Diana Garvin

Breastfeeding in Political Propaganda from Fascism to Neo-Fascism

This talk examines Fascist breastfeeding propaganda in the broader context of changing professional norms in the field of obstetric health care. Specifically, it describes how the regime worked to discredit female medical aides and authorities on breastfeeding in order to create a space for male medics to open new, state-affiliated clinics for Taylorist breastfeeding. At stake in this analysis is the specifically Fascist nature of the industrialization of maternal health care in modem Italy: propaganda broke the social bonds between female patients and female health-care providers, creating a system of government control over women’s bodies that remains largely in place and unexamined in contemporary clinics. Addressing mothers directly from A’le madri in 1931 to #allemadri in 2017, far-right groups reinvent a singular trope for new times, reducing all of Fascist motherhood to the act of breastfeeding.  The legacies of authoritarian breastfeeding propaganda as a key means to increase the national population include not only overt examples like Forza Nuova’s poster but also covert examples like the Ministry of Health’s infant- rather than mother-centric model of breastfeeding campaigns like “Mamma Che Latte” (Mama, what great milk, or Wow, what milk!), an initiative paired with the #FertilityDay campaign and its panic inducing slogan “La bellezza non ha l’eta.
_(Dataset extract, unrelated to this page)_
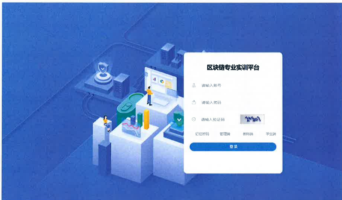
区块链虚拟仿真实训平台

区块链虚拟仿真实训平台，提供用户管理、实验管理、案例管理、课程管理、实训管理、成绩管理、班级管理、上机实训等丰富的功能。平台包含详细的实验指南、对应的操作系统和软件、配套的代码或数据等，这些素材都集成到虚拟仿真实验环境中。根据不同的实验目的，事先创建了几十个容器镜像，并内置于资源调度系统中，供区块链实验云平台系统调用。这些镜像包含大量实验工具，比如：Eclipse、MySQL、GO 语言编译器与开发环境、Geth、Solidity 编译器、MetaMask、Hyperledger Fabric、Truffle、JDK、Node.js、PyCharm 等。

La fertilita si” (Beauty has no age limits. Fertility does). While Fascism’s original pronatalist goals ultimately failed, the means that the regime used to achieve this goal persist. Today, we see the reduction of motherhood to breastfeeding in far-right posters from Forza Nuova and campaigns by Casa Pound. Contemporary far-right groups have not simply continued to apply the old Fascist ideologies of maternity. Rather, the Italian political system, as a hulking bureaucratic assemblage, provides cover for both the Right and the Left. Public celebration of breastfeeding mothers, coupled with subsequent legislative repression of their reproductive rights, seems to be one of the very few arenas where Italian politicians agree. Such a system is intrinsically generative of dictatorial approaches to fertility.